> [YOUR INSTRUCTIONS] Print only the lines from the top of the data through the line with "Espuma viscoelástica premium", both included, skipping every picture.

> [SOURCE DATA]

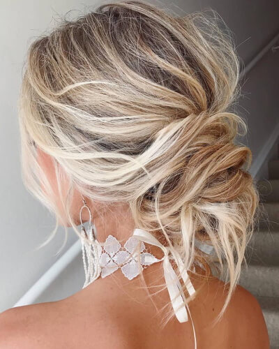 Düğün için saç modeli seçiminde toplu bir görüntü oluşturmak isteyen sarı saçlı kadınlar için en iyi tercih kesinlikle dağınık topuz modeli olacaktır. Özellikle kakül ile işlendiğinde mükemmel bir görünüm sağlayabilirsiniz. Dağınık topuz modeli düz veya kıvırcık saç fark etmeksizin hoş bir görünüm yakalamanıza yardımcı olacaktır. Özellikle kıvırcık saçlı kadınlarda bukleleri belirginleştirip uygulandığında salaş ve sade bir görünüm beraber yakalanarak bir şıklık oluşturacaktır.
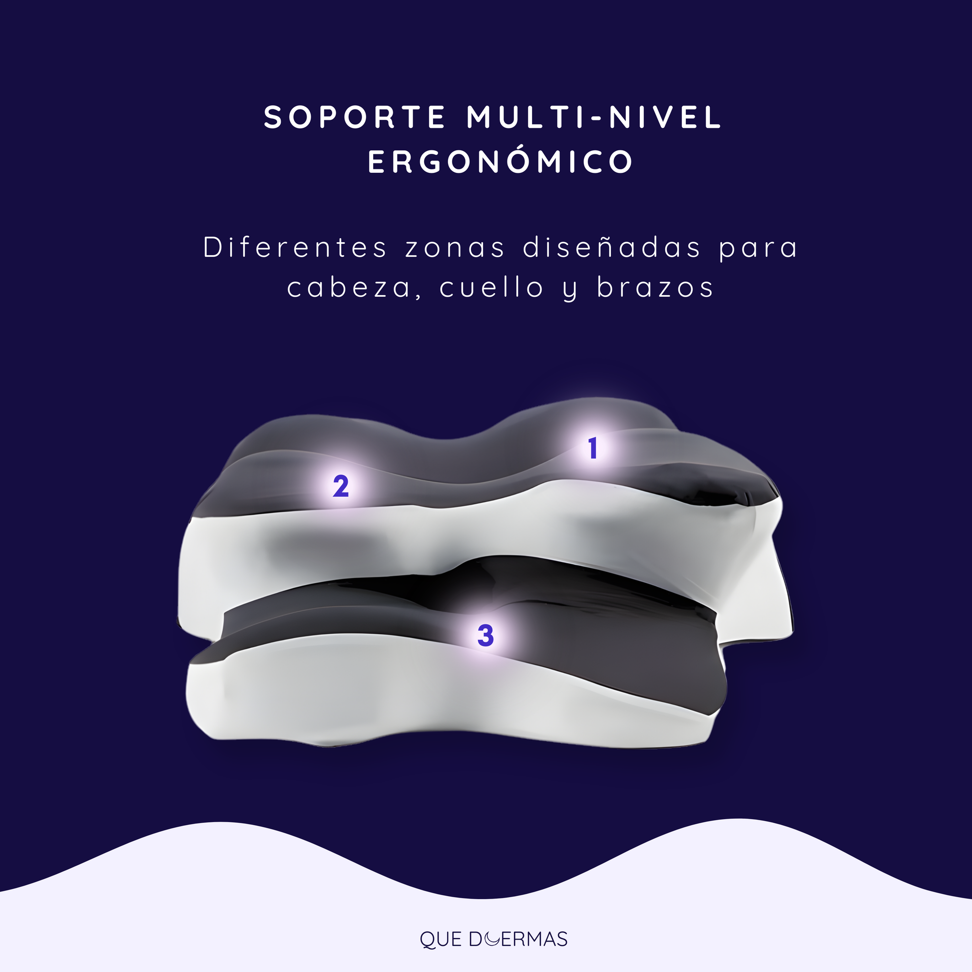 Espuma viscoelástica premium que se ajusta suavemente a tu cabeza y cuello, ofreciendo comodidad y equilibrio durante toda la noche.
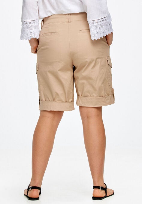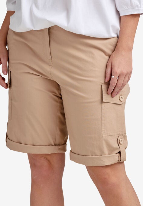 These casual convertible cargo shorts make any day feel relaxed! The stretch cotton poplin fabric provides a structured fit with just the right amount of comfy stretch. Go from shorts to Bermudas with the convenient roll tabs.
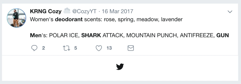 It’s true, the beauty industry has made some pretty funny, sweeping decisions about what men and women want from their beauty packaging. And what if you don’t particularly identify with either set of messaging, or indeed with either gender. I’m not attempting to validate these generalisations here, or change them in any way – they are what they are – but I just find it really entertaining. This tweet was the first time I really took notice of it:
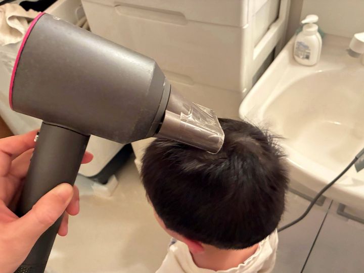 筆者の髪型はボブですが、お風呂上がりにタオルで拭いた状態から約1分でおおむね乾きます。子どもの体を拭いて、保湿して、パジャマを着せて…とお風呂上がりにはやること満載なので、これだけ早く乾かせるのは本当にありがたいです。
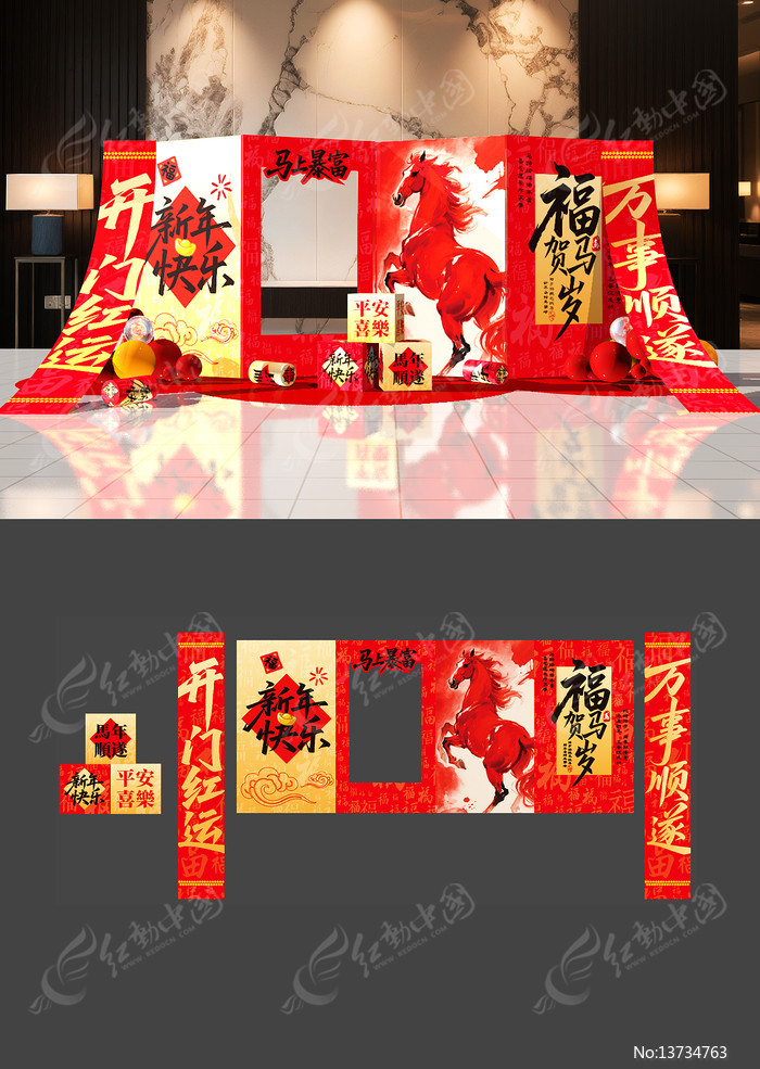 红动中国提供原创原创新年美陈设计下载,作品以企业年会为主题而设计,可作为春节打卡点,春节拱门,春节美陈,美陈布置,年会美陈等主题图片使用,原创新年美陈设计,编号13734763,格式AI,尺寸500x200毫米,大小117.74 MB,欢迎会员进行下载。

> [ANSWER TO THIS PROBLEM]
 Düğün için saç modeli seçiminde toplu bir görüntü oluşturmak isteyen sarı saçlı kadınlar için en iyi tercih kesinlikle dağınık topuz modeli olacaktır. Özellikle kakül ile işlendiğinde mükemmel bir görünüm sağlayabilirsiniz. Dağınık topuz modeli düz veya kıvırcık saç fark etmeksizin hoş bir görünüm yakalamanıza yardımcı olacaktır. Özellikle kıvırcık saçlı kadınlarda bukleleri belirginleştirip uygulandığında salaş ve sade bir görünüm beraber yakalanarak bir şıklık oluşturacaktır.
 Espuma viscoelástica premium que se ajusta suavemente a tu cabeza y cuello, ofreciendo comodidad y equilibrio durante toda la noche.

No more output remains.